Further, “there is no basis for declaratory relief where only past wrongs are
involved.” (Osseous Technologies of
America, Inc. v. DiscoveryOrtho Partners LLC (2010) 191 Cal.App.4th 357,
366, quotation marks omitted.)
Defendants argue that this claim should be dismissed if
Plaintiff’s other claims fail. Because the Court overrules the demurrer to the
claim for breach of fiduciary duty, the Court overrules the demurrer to this
claim.
“The elements of a
cause of action for injunctive relief are (1) a tort or other wrongful act
constituting a cause of action; and (2) irreparable injury, i.e., a factual
showing that the wrongful act constitutes an actual or threatened injury to
property or personal rights which cannot be compensated by an ordinary damage
award.” (Brownfield v. Daniel Freeman
Marina Hospital (1989) 208 Cal.App.3d 405, 410, citation omitted.) Notably,
“injunctive relief is a remedy and not, in itself, a cause of action, and a
cause of action must exist before injunctive relief can be granted.” (Camp v. Board of Supervisors (1981) 123
Cal.App.3d 334, 356.)
Section 12.16 of the operating agreement for Wilshire Line
provides that injunctive relief will be available when a party commits a
material breach of the agreement which may result in irreparable injury for
which there is no adequate remedy at law. (Complaint, Ex. D at p. 21, § 12.16.)

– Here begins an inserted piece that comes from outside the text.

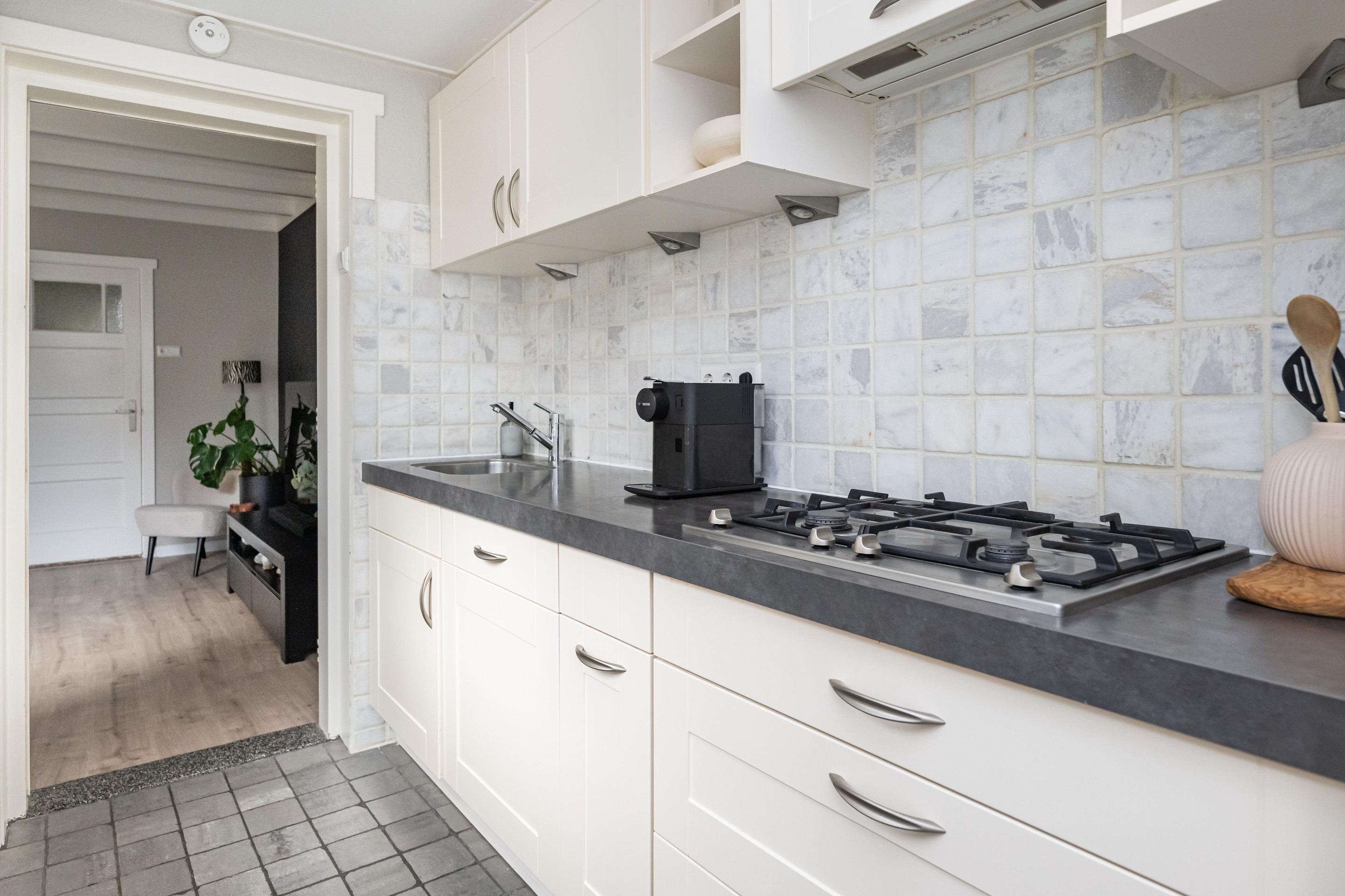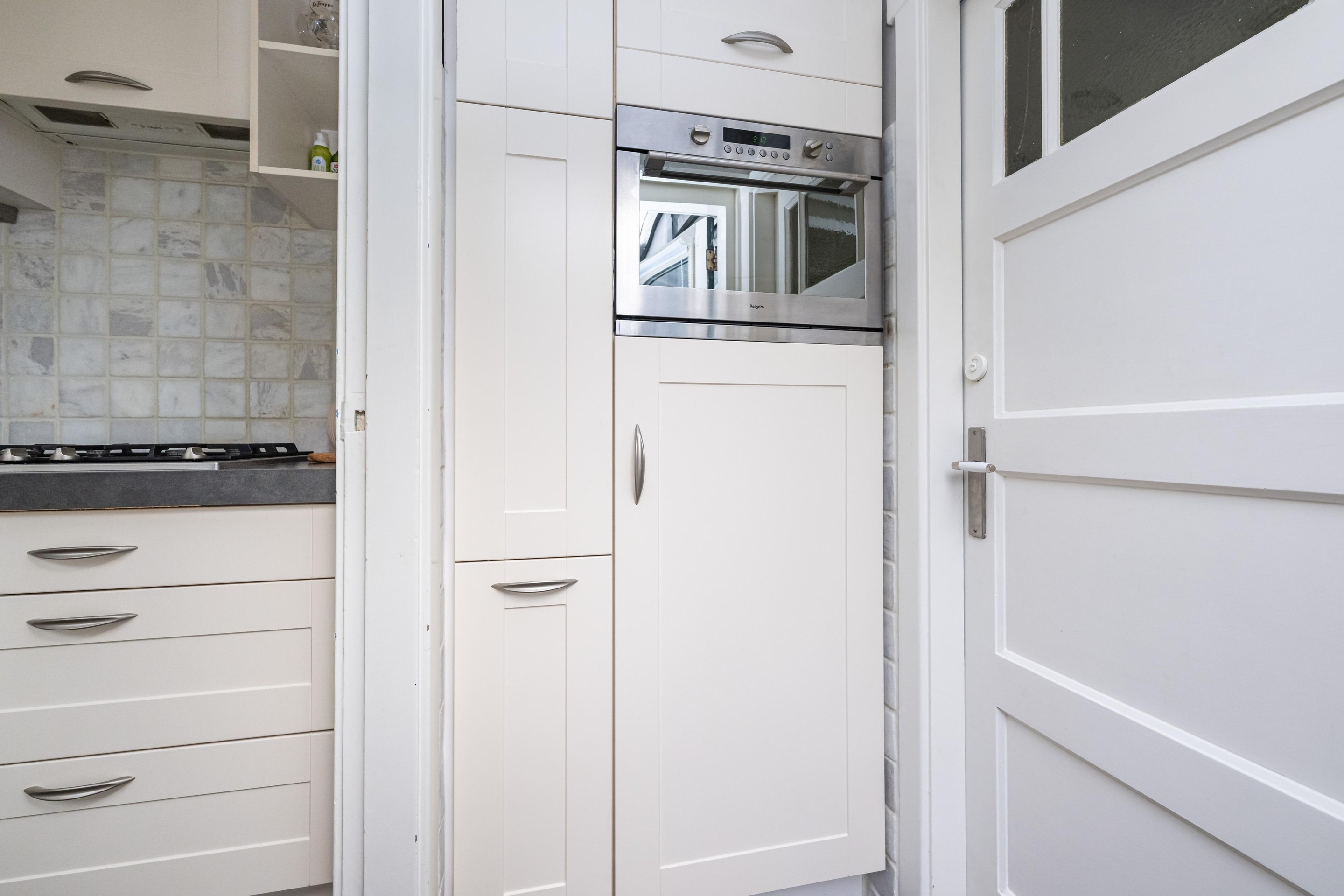 Plavuizenvloer, 4-pits gaskookplaat, afzuigkap, enkele spoelbak, vaatwasser, koelkast, apothekerskast, combi-oven, radiator, rolluik en deur naar achtertuin.

Plaintiff has alleged that Defendants breached the
amendments to the operating agreement by executing a loan in the amount of
$15.5 million, and approving the extension of that loan, without consulting
with Plaintiff. Plaintiff has alleged that the provision and extension of the
loan will cause irreparable injury. The Court finds these allegations to be
adequate.
The Court therefore overrules the demurrer to this claim.
Because the Court sustains the demurrer with leave to amend,
the Court denies the motion to strike as moot.